Problem to solve: For the listing below, the answer is an exact retyping of the lines from the one with "Мережа АЗС SOCAR" through the one with "2018级硕士党支部开展线上集体学习此次回信精神,并展开积极讨论。", both included, without pictures.

Source material:
------------------------------------

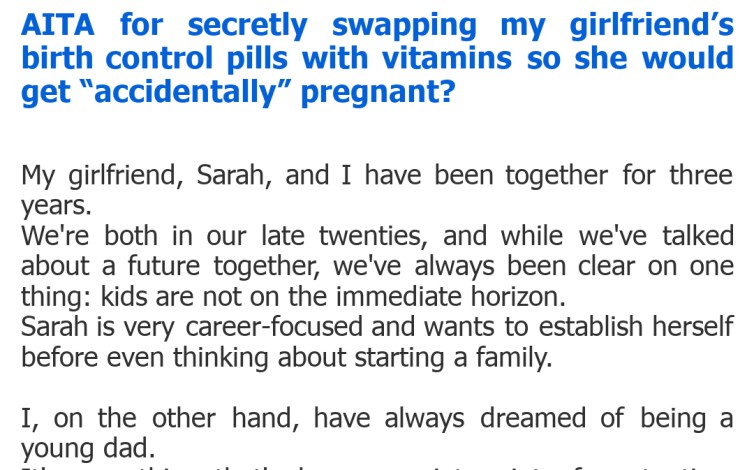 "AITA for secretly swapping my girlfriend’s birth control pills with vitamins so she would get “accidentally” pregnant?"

------------------------------------

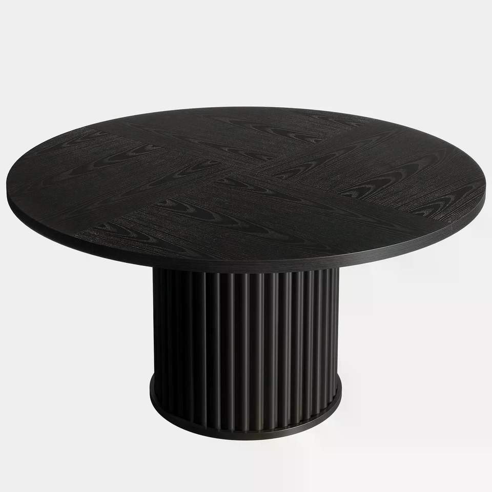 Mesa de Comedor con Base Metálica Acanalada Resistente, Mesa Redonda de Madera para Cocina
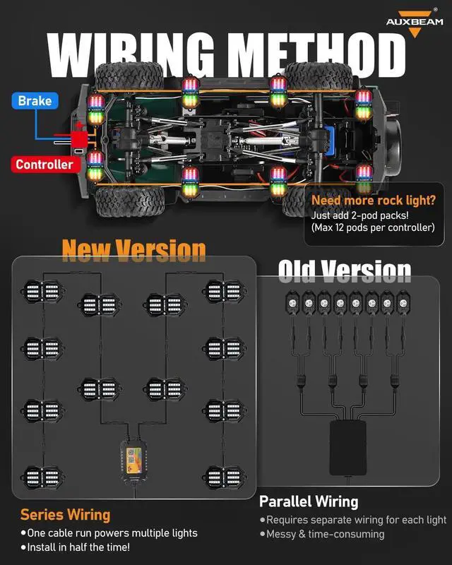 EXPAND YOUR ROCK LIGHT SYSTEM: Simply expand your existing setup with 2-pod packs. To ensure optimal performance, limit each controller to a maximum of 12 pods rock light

------------------------------------

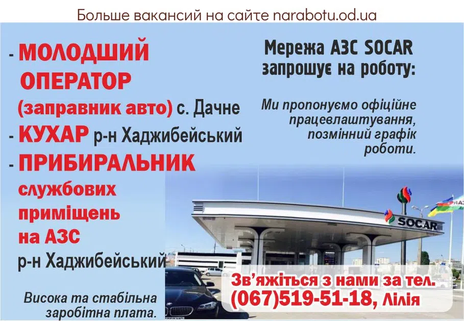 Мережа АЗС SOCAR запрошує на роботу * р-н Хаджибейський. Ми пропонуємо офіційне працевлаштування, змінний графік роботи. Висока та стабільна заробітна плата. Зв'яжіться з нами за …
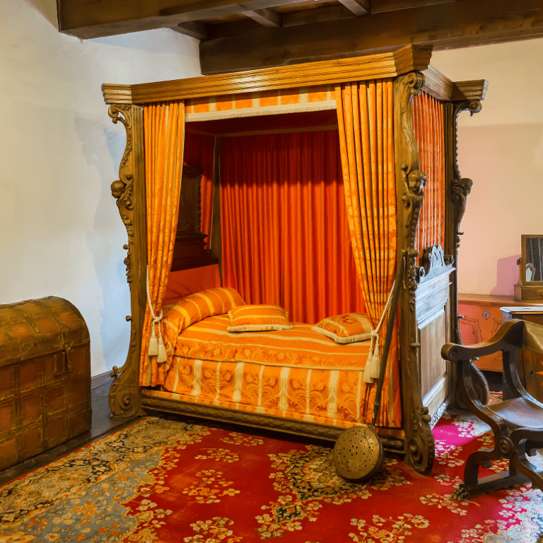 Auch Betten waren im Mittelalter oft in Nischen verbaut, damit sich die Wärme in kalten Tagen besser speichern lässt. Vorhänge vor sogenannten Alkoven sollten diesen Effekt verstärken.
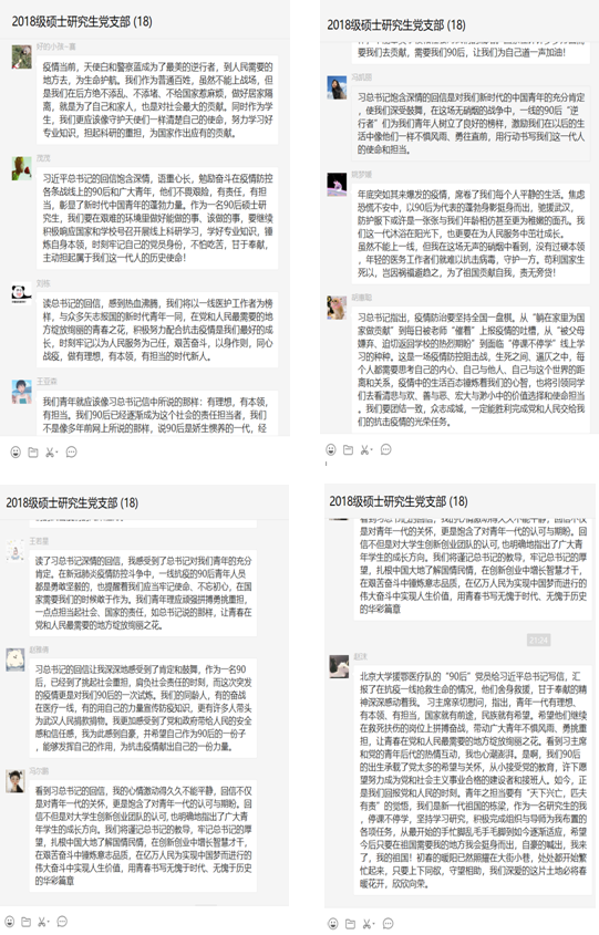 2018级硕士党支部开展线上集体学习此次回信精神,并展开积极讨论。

------------------------------------

Written reply:
 Мережа АЗС SOCAR запрошує на роботу * р-н Хаджибейський. Ми пропонуємо офіційне працевлаштування, змінний графік роботи. Висока та стабільна заробітна плата. Зв'яжіться з нами за …
 Auch Betten waren im Mittelalter oft in Nischen verbaut, damit sich die Wärme in kalten Tagen besser speichern lässt. Vorhänge vor sogenannten Alkoven sollten diesen Effekt verstärken.
 2018级硕士党支部开展线上集体学习此次回信精神,并展开积极讨论。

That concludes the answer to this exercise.